Robert de Craon or Robert Burgundio was a French night . He was the son of Renaud le Bourguignons en Ennoguen de Vitre. He was engaged to the daughter of the lord of Angoumouis. But when he headed about the foundation of the Night Templar Order he gave up his wedding and travelled to the Holy Land. He soon showed his military capacities and his piety to the order. After the death of Hughes de Payens in June 1136 he was elected as the second Grand Master. He negotiated the expansion of the Order into the Iberian Peninsula with the acquisition of castles and territory and turned the Order by the end of 1130 into a major force.

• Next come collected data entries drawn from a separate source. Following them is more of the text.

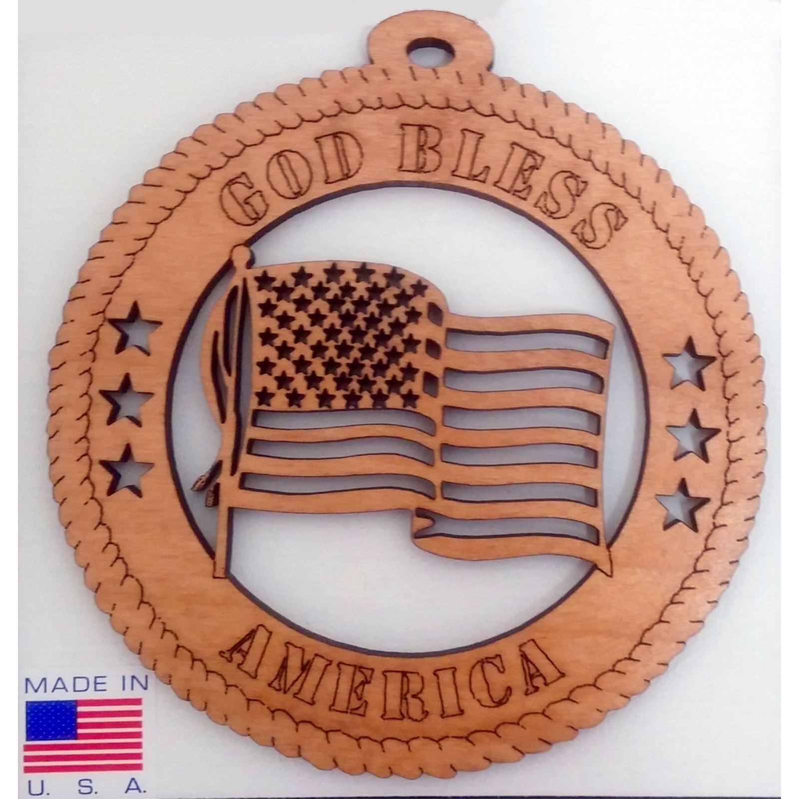 God Bless America Patriotic Made in USA Laser Cut Wood Christmas Ornament
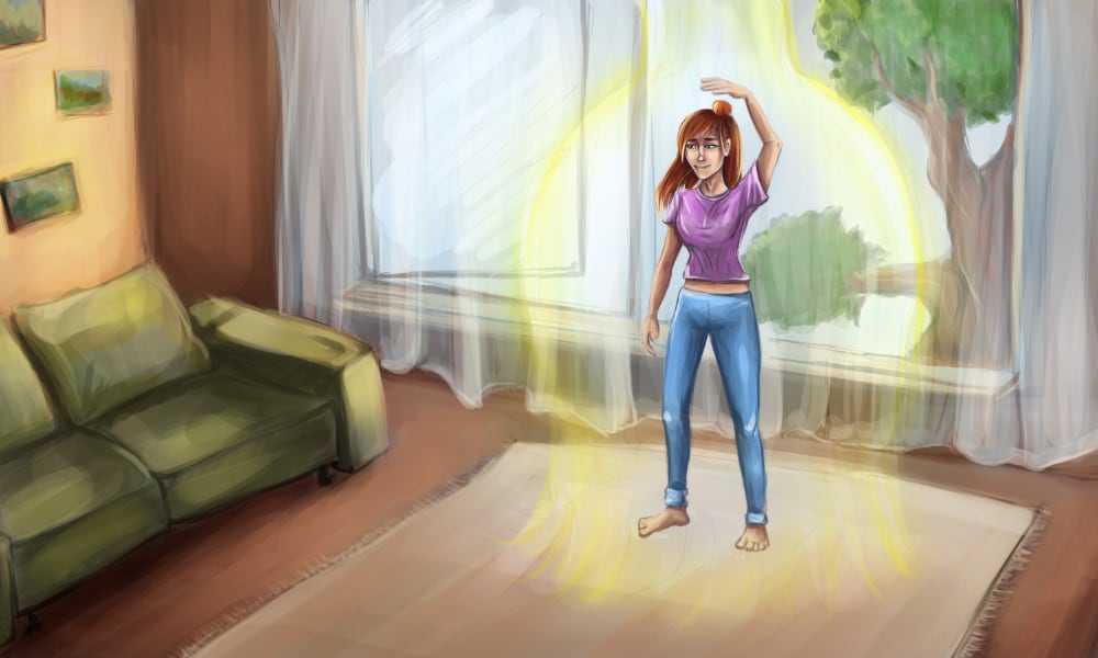 Два начала направляют единый луч энергии, содержащий оба компонента, в сторону практикующего, наполняя его энергией. Избытки свободно выходят из тела, питая и развивая ауру, сияющую вокруг физического тела.
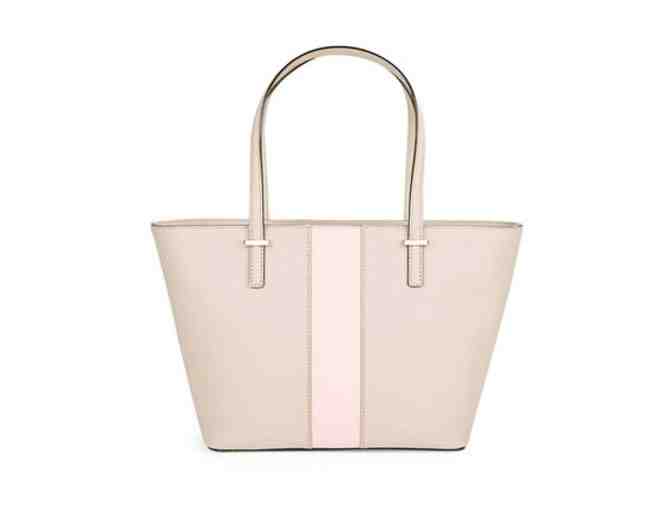 Winner will receive a Kate Spade Cedar Street Racing Stripe Medium Harmony bag in Crisp Linen. Dimensions: 11.1"h x 12.9"w x 6.4"d -- drop length: 9''
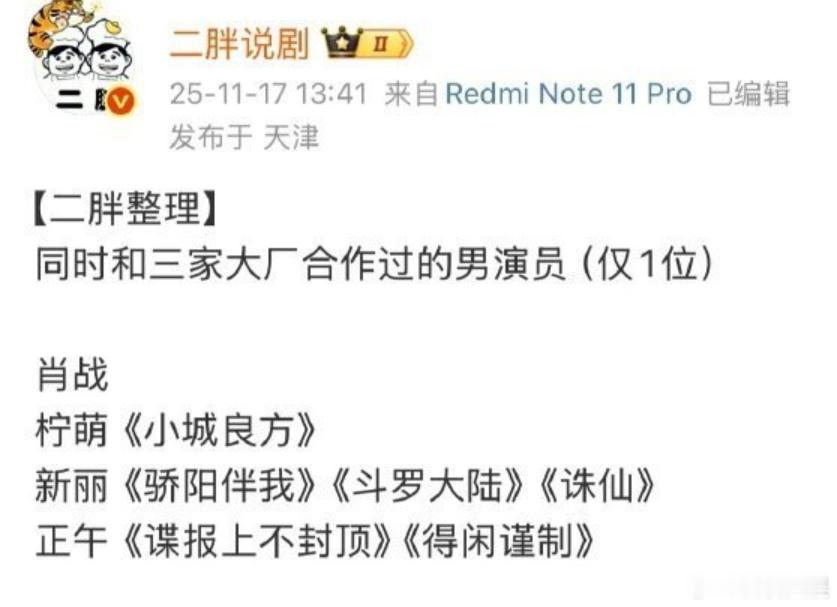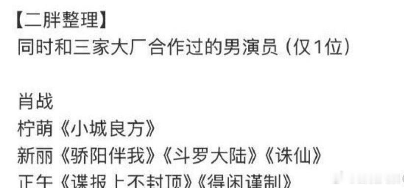 三大厂合作资源与扶车碰倒一排车辆的画面,共同塑造肖战在男演员中的独特定位,稀缺经历叠加让个人特质更显突出。
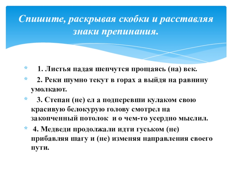 Спишите, раскрывая скобки и расставляя знаки препинания.
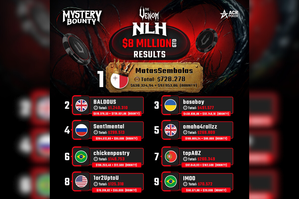 “The Mystery Bounty Venoms had it all – huge fields, nonstop action, and unforgettable moments – and showed why it’s one of the most exciting formats in online poker,” said ACR Pro Chris Moneymaker. “Congratulations to all the winners and to everyone who landed those incredible bounties – now bring on the next one!”
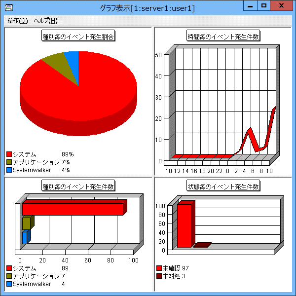 [Systemwalkerコンソール[監視]]で、[イベント]メニューの[グラフの表示]を選択すると、[グラフ表示]ウィンドウが表示されます。

Robert realized that the Order could only flourish with papal support. During one his visits to France and Italy he negotiated with Pope Innocent II, with as result that the pope issued the bull Omne datum optimum; "Every perfect gift" (29 March 1139). The contents of  the bull consisted of the following points:

1. Promised all spoils from Muslim conquest to the Order,

2.,Allowed the Order to build churches, cemeteries, and houses

3. Permitted a chaplain in every Knight Templar house. 

4. Leaders of the Order could expel unworthy members.  

5. Allowed chapels for members and burials

6. Forbid the election of an outsider as Master of the Order

7. No homage or tithes were to be extracted from the Order.

8. The creation of a group of chaplain brothers for the Order. They could hear confessions andgiving absolution to all members of the Orders.                    

The Omne datum optimum was followed by Pope Celestine II’s Milites Templi ("Soldiers of the Temple" ) It ordered the clergy to protect the Kinght Templars and encouraged the faithful to contribute to their cause. It allowed the Templars to make their own collections once a year,

in 1145 followed by Pope Eugene III’s Militia Dei (“soldiers of God”). This one consolidated the Knight Templars  independence from local clerical hierarchies by giving the Order the right to take tithes and burial fees and to bury their dead in their own cemeteries. The Knights were allowed to travel freely through Europe. Pope Eugenius III also gave the knight Templars the right to wear a red cross on their tunics. These bulls 3 together gave the Templars an extraordinary range of rights and privileges. They were the foundation for the orders future  wealth and success.                                                                                                                 

Robert de Craon was Grandmaster till his death on January 13, 1149, and he was succeeded by Everard des Barres.